RilexAwhile 100PCS Disposable Boot Shoe Covers Thick Non Woven Polypropylene Durable Anti Static Foot Cover for Medical Construction Workplace Indoor Carpet Floor Protection One Size Fits Most Amazon.com

If you sew, and want to make more fancy masks, this is a great design for that.  The only thing it seems to lack is a nose wire to make it sit on the nose better.  You can just wind a couple of pipe cleaners together or use a straightened out paperclip, sewn into a seam across the nose to get that.  The nose wire really does help prevent it from sliding down your face, and it helps prevent the mask from fogging up your glasses.


So now you have your mask.  It’s made of good materials, and you wear it every time you go out.  What about the hospitals?  They have a mask shortage.  Lets help them out, too…

To start with, you need to check some web sites and facebook groups for the most up to date information on mask donations, because this is a rapidly developing field.  Different hospitals have different requirements for masks, if they take mask donations at all.

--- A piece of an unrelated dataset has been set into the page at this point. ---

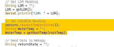 Figura 8. En el loop(), realizar una solicitud para obtener la temperatura de la raíz y asignar a la cadena, WaterTemp.

Your first stop should be my friend Lishan’s blog post about the COVID19 DIY movement.  This page is like a central hub for all things COVID19 DIY.  Bookmark it, and refer to it when you need information.

Then, go to the Open Source COVID19 Medical Supplies Facebook group and join it.  This is a massive, international group.  It is full of engineers, medical professionals, 3D printer enthusiasts, and craftsy people.  These people sewing making masks, printing face shields, and even sewing hospital gowns to donate.  Some people are making ventilator parts and positive pressure medical masks (which are powered masks that look like the masks worn in Avatar).  This group has been on the forefront of the global COVID19 DIY community since the beginning.  It is not uncommon to see posts in Portugese, Spanish, Italian, and even Japanese.  Just read what you can, and use google translate if it seems like important information is not in your native tongue.  These people will give you all the advice and guidance you need.  Check their organizing documents in the about section to get up to speed fast.

Get Us PPE is a web site that shows you what hospitals need what PPE, and gives you information on their standards.  Some hospitals have lose requirements.  I’ve seen threads on facebook where nurses in New York City are scrambling to get their hands on simple single layer cotton masks.  Others have stricter requirements.  Check what the hospital you plan to donate requires before you spend a weekend making masks for them.